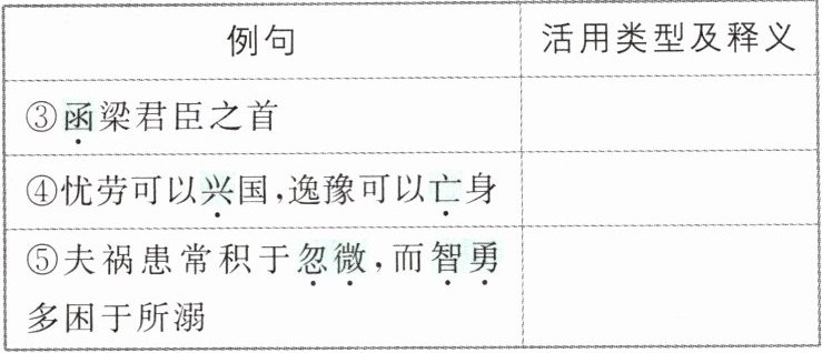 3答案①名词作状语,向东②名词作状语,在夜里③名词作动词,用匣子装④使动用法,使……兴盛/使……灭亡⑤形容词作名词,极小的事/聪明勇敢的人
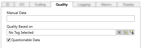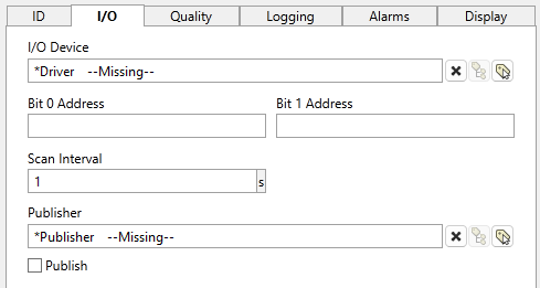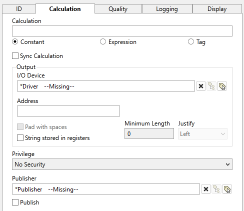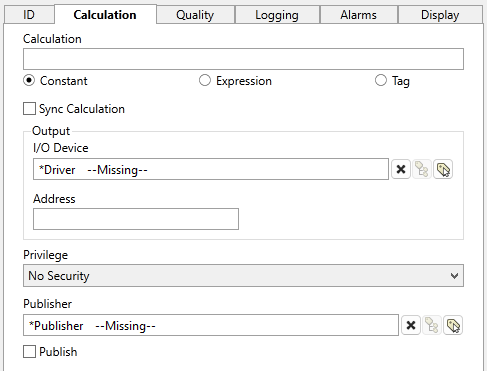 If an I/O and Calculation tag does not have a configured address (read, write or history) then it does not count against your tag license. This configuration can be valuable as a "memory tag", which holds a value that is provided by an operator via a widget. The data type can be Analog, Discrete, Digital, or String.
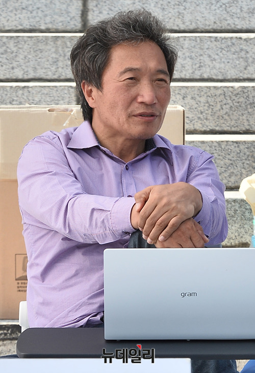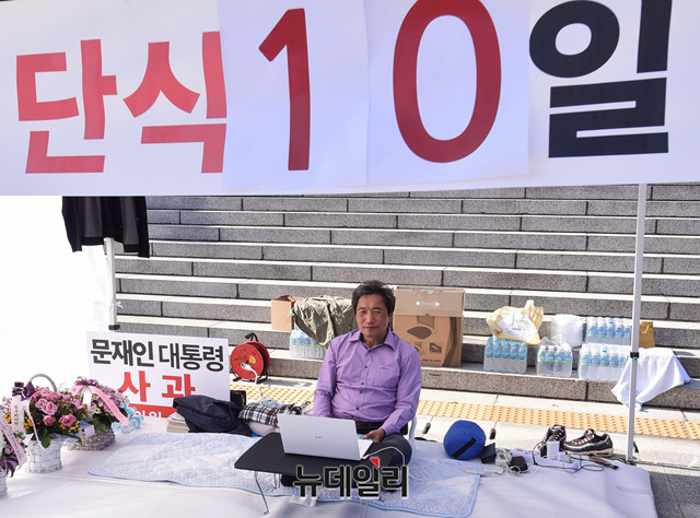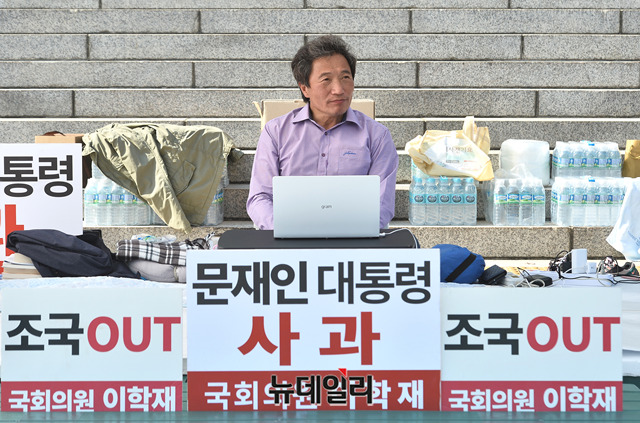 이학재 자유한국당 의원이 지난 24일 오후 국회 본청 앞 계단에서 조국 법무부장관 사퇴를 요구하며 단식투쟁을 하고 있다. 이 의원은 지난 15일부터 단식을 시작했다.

* * *

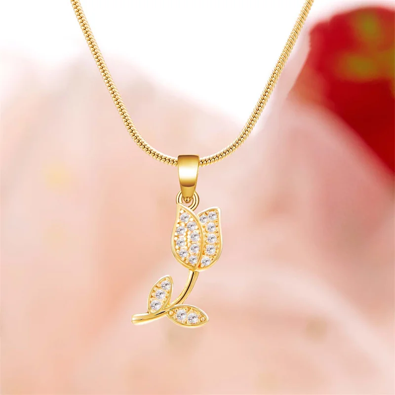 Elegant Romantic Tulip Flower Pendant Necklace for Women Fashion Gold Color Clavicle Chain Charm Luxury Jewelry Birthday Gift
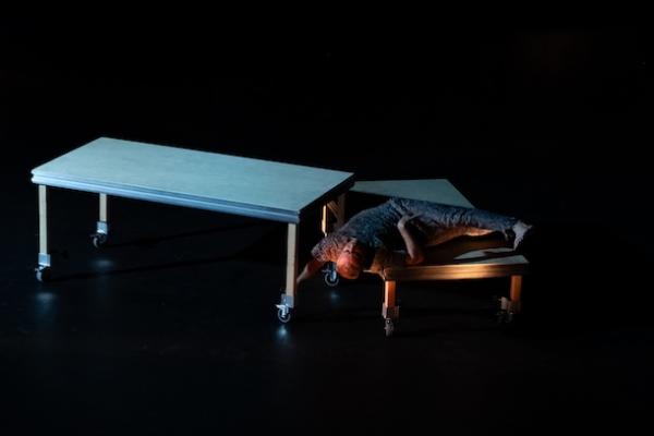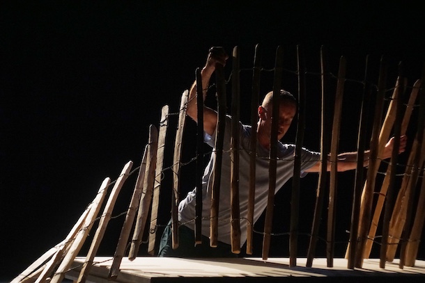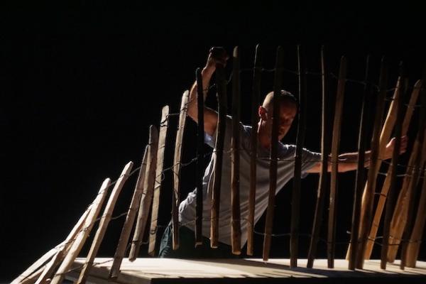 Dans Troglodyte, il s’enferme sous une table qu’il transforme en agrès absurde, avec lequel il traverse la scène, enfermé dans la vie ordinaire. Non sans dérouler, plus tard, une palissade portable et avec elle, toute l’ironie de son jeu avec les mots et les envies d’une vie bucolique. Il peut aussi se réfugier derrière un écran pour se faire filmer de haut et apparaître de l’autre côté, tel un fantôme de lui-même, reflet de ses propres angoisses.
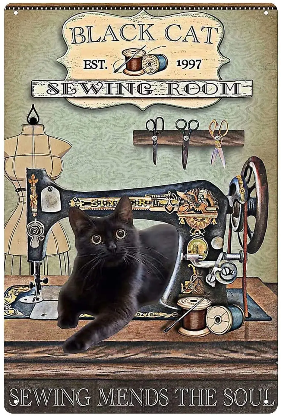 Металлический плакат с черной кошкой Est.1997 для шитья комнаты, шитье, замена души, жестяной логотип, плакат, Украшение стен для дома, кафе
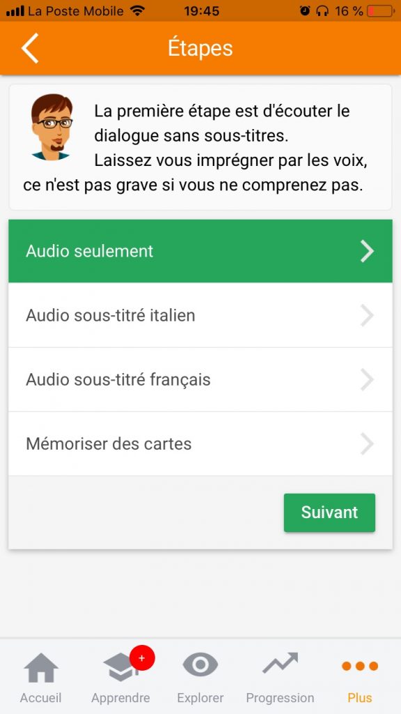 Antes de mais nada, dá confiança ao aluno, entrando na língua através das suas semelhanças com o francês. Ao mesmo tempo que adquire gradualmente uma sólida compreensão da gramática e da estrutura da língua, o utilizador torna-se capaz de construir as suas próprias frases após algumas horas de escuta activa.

==

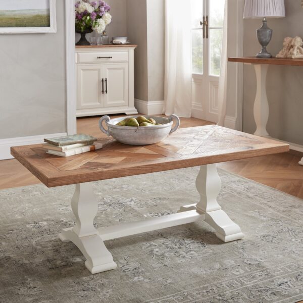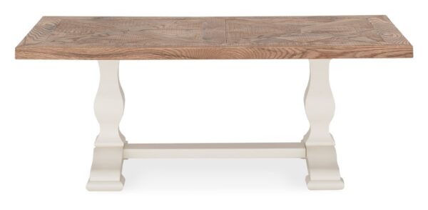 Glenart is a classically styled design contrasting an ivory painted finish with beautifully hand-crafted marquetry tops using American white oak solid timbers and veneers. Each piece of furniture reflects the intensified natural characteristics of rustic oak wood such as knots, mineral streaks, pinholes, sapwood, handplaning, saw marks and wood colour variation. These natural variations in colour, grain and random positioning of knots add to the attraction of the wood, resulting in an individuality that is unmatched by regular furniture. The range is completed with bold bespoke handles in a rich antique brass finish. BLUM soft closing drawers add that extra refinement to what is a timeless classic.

What you will do: Working from the entries above, please transcribe only the lines from the line with "3答案①名词作状语,向东②名" through the line with "이학재 자유한국당 의원이", exactly, with both end lines and without pictures.

Finished task:
 3答案①名词作状语,向东②名词作状语,在夜里③名词作动词,用匣子装④使动用法,使……兴盛/使……灭亡⑤形容词作名词,极小的事/聪明勇敢的人
 If an I/O and Calculation tag does not have a configured address (read, write or history) then it does not count against your tag license. This configuration can be valuable as a "memory tag", which holds a value that is provided by an operator via a widget. The data type can be Analog, Discrete, Digital, or String.
 이학재 자유한국당 의원이 지난 24일 오후 국회 본청 앞 계단에서 조국 법무부장관 사퇴를 요구하며 단식투쟁을 하고 있다. 이 의원은 지난 15일부터 단식을 시작했다.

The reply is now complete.